--- RECORDED INFORMATION ---
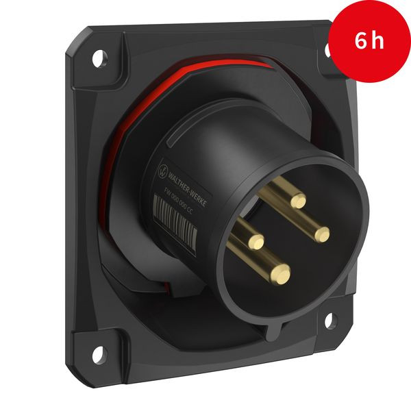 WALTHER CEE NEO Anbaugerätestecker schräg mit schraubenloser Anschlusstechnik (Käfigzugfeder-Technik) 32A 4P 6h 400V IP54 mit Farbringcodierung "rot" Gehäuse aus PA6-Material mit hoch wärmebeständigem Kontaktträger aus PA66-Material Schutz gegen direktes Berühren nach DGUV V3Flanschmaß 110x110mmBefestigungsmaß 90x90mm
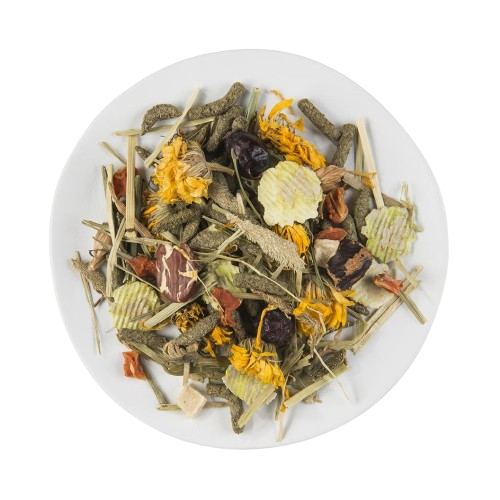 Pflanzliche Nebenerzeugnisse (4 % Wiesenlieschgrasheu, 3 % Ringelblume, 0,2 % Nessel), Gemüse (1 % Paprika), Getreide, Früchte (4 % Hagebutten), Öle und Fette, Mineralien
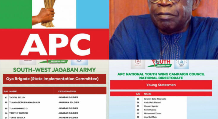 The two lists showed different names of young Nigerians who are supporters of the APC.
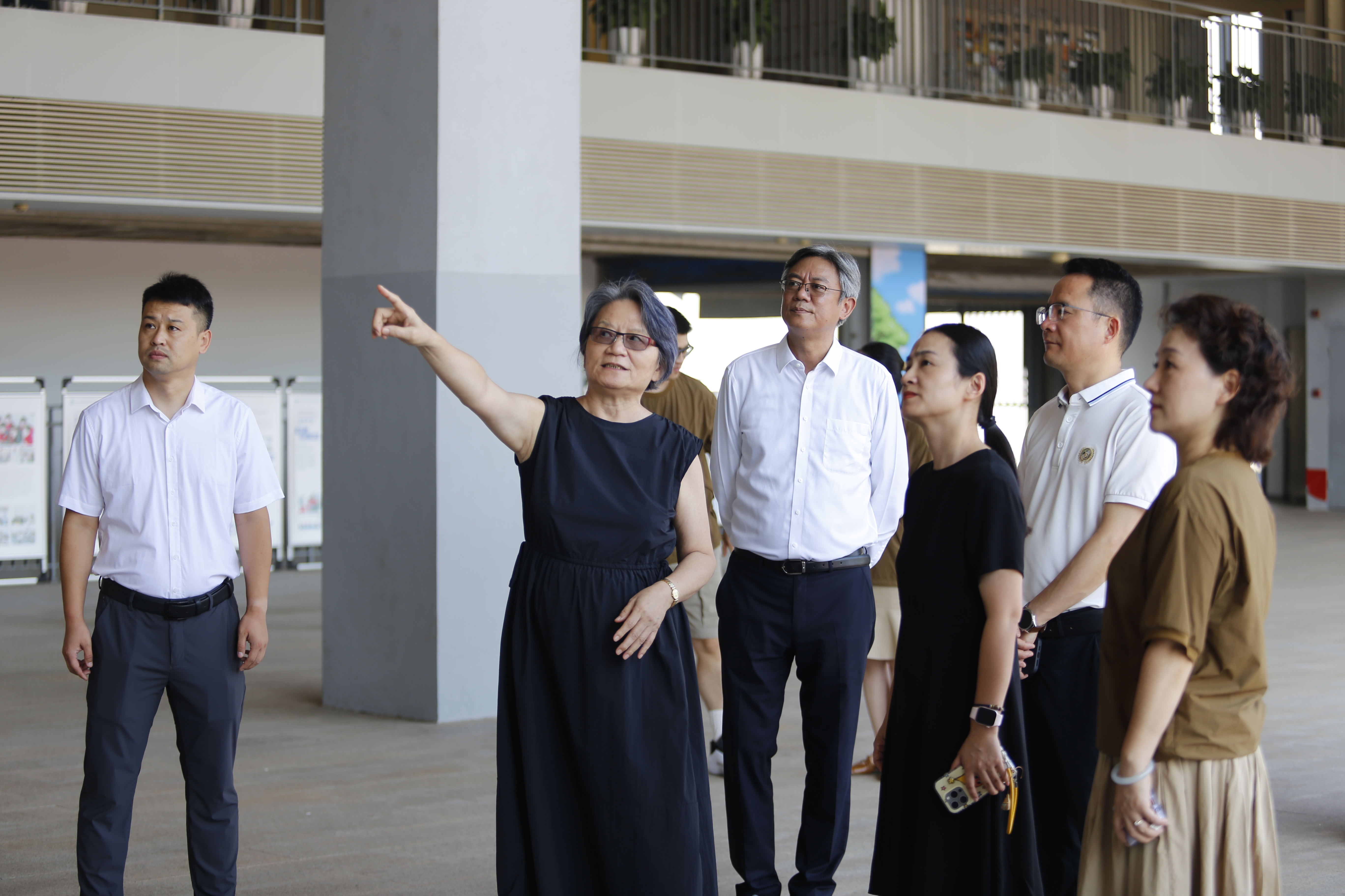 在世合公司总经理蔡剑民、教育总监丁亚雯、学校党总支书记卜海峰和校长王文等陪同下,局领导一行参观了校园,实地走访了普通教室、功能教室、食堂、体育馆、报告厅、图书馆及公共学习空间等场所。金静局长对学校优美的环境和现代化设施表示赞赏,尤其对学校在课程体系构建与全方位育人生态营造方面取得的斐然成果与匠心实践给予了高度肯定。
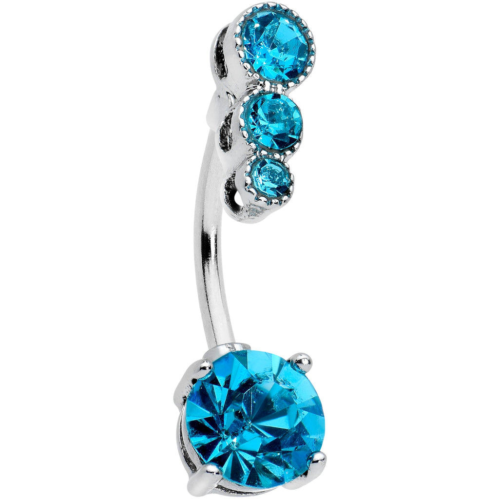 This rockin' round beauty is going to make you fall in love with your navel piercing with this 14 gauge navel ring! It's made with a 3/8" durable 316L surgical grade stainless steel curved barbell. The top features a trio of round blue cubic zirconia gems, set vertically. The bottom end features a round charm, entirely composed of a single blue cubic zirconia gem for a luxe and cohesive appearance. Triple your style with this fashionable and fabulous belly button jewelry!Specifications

--- WHAT IS EXPECTED ---
Could you return the entire listing above verbatim while dropping each picture?

--- SOLUTION TO THE EXERCISE ---
 WALTHER CEE NEO Anbaugerätestecker schräg mit schraubenloser Anschlusstechnik (Käfigzugfeder-Technik) 32A 4P 6h 400V IP54 mit Farbringcodierung "rot" Gehäuse aus PA6-Material mit hoch wärmebeständigem Kontaktträger aus PA66-Material Schutz gegen direktes Berühren nach DGUV V3Flanschmaß 110x110mmBefestigungsmaß 90x90mm
 Pflanzliche Nebenerzeugnisse (4 % Wiesenlieschgrasheu, 3 % Ringelblume, 0,2 % Nessel), Gemüse (1 % Paprika), Getreide, Früchte (4 % Hagebutten), Öle und Fette, Mineralien
 The two lists showed different names of young Nigerians who are supporters of the APC.
 在世合公司总经理蔡剑民、教育总监丁亚雯、学校党总支书记卜海峰和校长王文等陪同下,局领导一行参观了校园,实地走访了普通教室、功能教室、食堂、体育馆、报告厅、图书馆及公共学习空间等场所。金静局长对学校优美的环境和现代化设施表示赞赏,尤其对学校在课程体系构建与全方位育人生态营造方面取得的斐然成果与匠心实践给予了高度肯定。
 This rockin' round beauty is going to make you fall in love with your navel piercing with this 14 gauge navel ring! It's made with a 3/8" durable 316L surgical grade stainless steel curved barbell. The top features a trio of round blue cubic zirconia gems, set vertically. The bottom end features a round charm, entirely composed of a single blue cubic zirconia gem for a luxe and cohesive appearance. Triple your style with this fashionable and fabulous belly button jewelry!Specifications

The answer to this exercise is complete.